For public sector applications, the City of Stockton is exploring ways to use Operator to simplify civic participation. Jamil Niazi, the city’s chief information technology officer, highlighted the potential of AI to make it easier for residents to sign up for services.
However, there are limitations. Technology Publishing Each I got an early preview, tested it over the past week, and found that:
“One of the peculiarities of Operator’s design is that it does not use your browser. Instead, it uses a browser in one of OpenAI’s data centers that can observe and interact remotely. The advantage of this design decision is that you can use Operator anywhere and anytime, for example, on any mobile device.
“The downside is that many sites like Reddit already block AI agents from browsing, so the Operator cannot access them. In this research preview mode, OpenAI also blocks the Operator’s access to certain resource-intensive sites like Figma or competitor-owned sites like YouTube for legal or performance reasons.
Given its ability to act on behalf of users, Operator has been developed with strong security features:
• user control: The operator requests confirmation for sensitive actions, such as making purchases or sending emails.
• Clock mode: Ensures user monitoring for critical tasks, particularly on sensitive sites such as email or financial platforms.
• Prevention of misuse: The system is capable of rejecting harmful requests and includes safeguards against adversarial attacks, such as malicious messages embedded in websites.
OpenAI has also built in features to protect user privacy, including options to clear browsing data and opt out of data sharing to improve the model.
OpenAI envisions a broader role for the operator in both individual and enterprise environments. Over time, the company plans to expand access to Plus, Team, and Enterprise users, and eventually integrate Operator into ChatGPT.
There are also plans to make the underlying CUA technology available through an API, allowing developers to create custom agents that use computers.
Despite its potential, Operator remains a work in progress.

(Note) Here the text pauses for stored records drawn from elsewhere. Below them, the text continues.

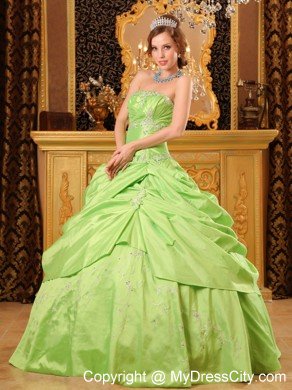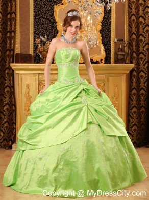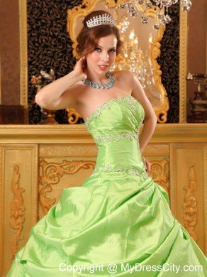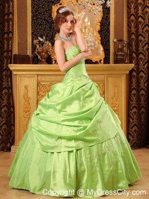 Dare to dazzle at your 2012quinceanera or holiday party in this quinceanera ball gown dress! Exquisite beaded embroidery appliques on the top upgrades your taste and beautifies the dress. the puffy skirt accented with flora embroidery features a peek-a-boo layer overlay which addes a fuller effect. A lace up corset style closure in the back secures the dress in place. Heads will turn as you arrive at your quinceanera or formal in this amazing ball gown!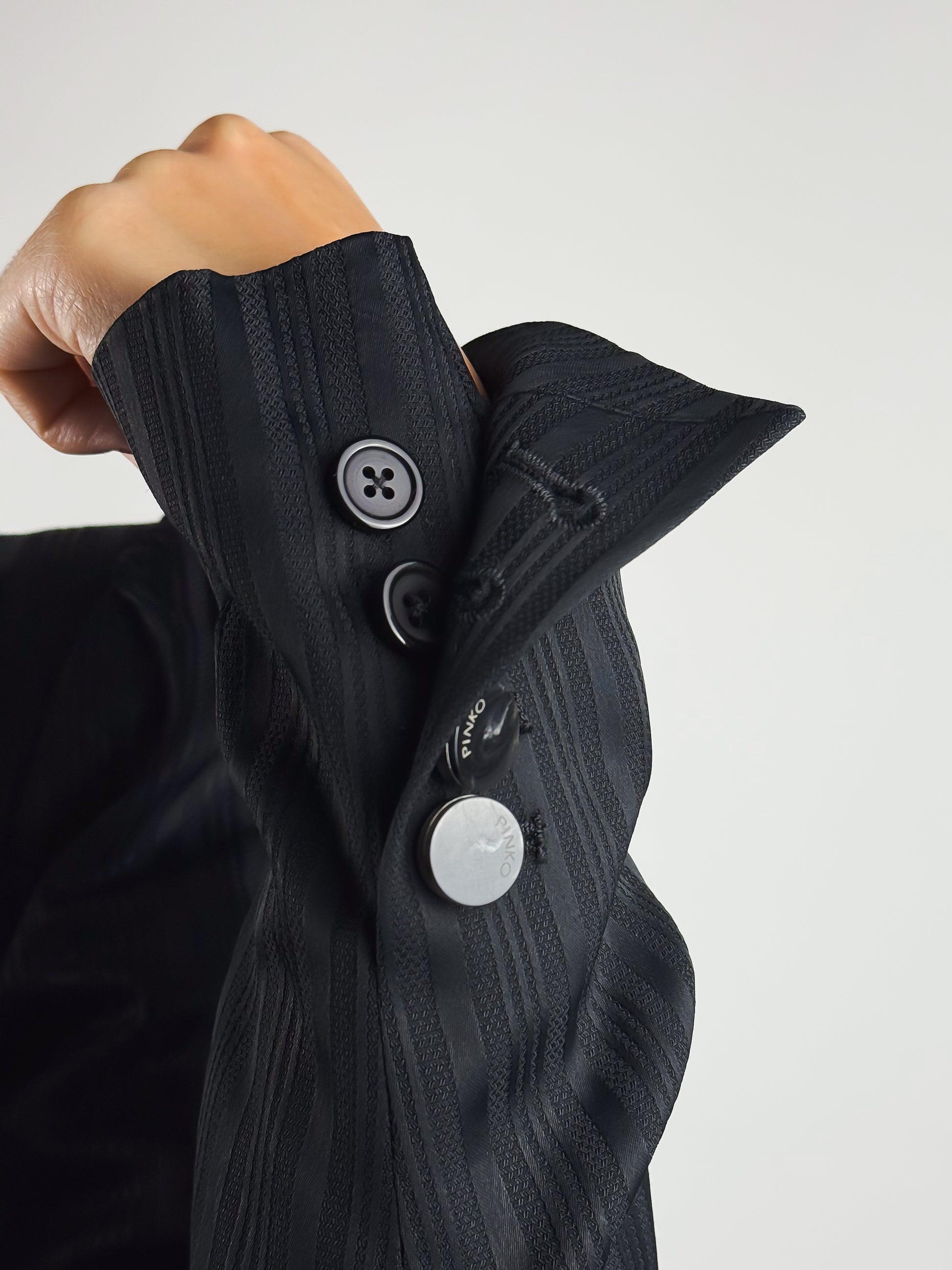 Blazer vintage Pinko anni 2000, realizzato in tessuto nero lucido con lavorazione a righe tono su tono. Modello strutturato e aderente, tipico dello stile Y2K, chiusura frontale a due bottoni e taschine con pattina. Le maniche lunghe presentano una fila di piccoli bottoni decorativi sul polso. Made in Italy.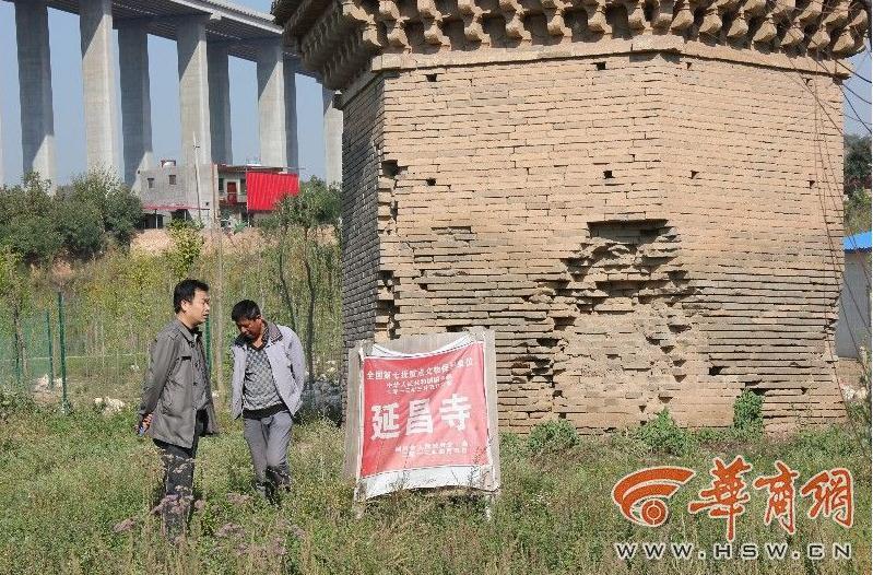 12日下午,華商報記者從銅川市文物旅游局了解到,延昌寺古塔已經(jīng)傾斜了很久,早在2005年左右,銅川新區(qū)管委會曾對古塔進(jìn)行過一次修葺,那根鋼索就是當(dāng)時系上去的。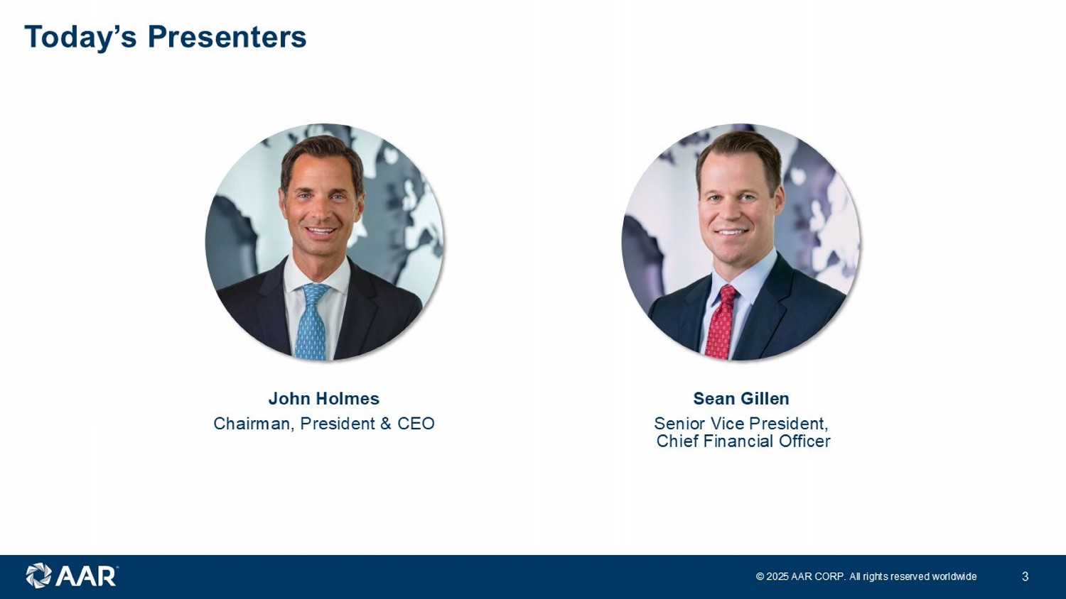© 2025 AAR CORP. All rights reserved worldwide 3 Today’s Presenters John Holmes Chairman, President & CEO Sean Gillen Senior Vice President, Chief Financial Officer

OpenAI has been transparent about its limitations, such as difficulties with complex interfaces or unfamiliar workflows. Early user feedback will play a critical role in improving system accuracy, reliability, and security.
As OpenAI refines Operator through real-world use, it seeks to transform AI from a passive tool to an active participant in the digital ecosystem. Whether simplifying everyday tasks or innovating business workflows, OpenAI is positioning Operator as the next step in making AI accessible, practical and secure.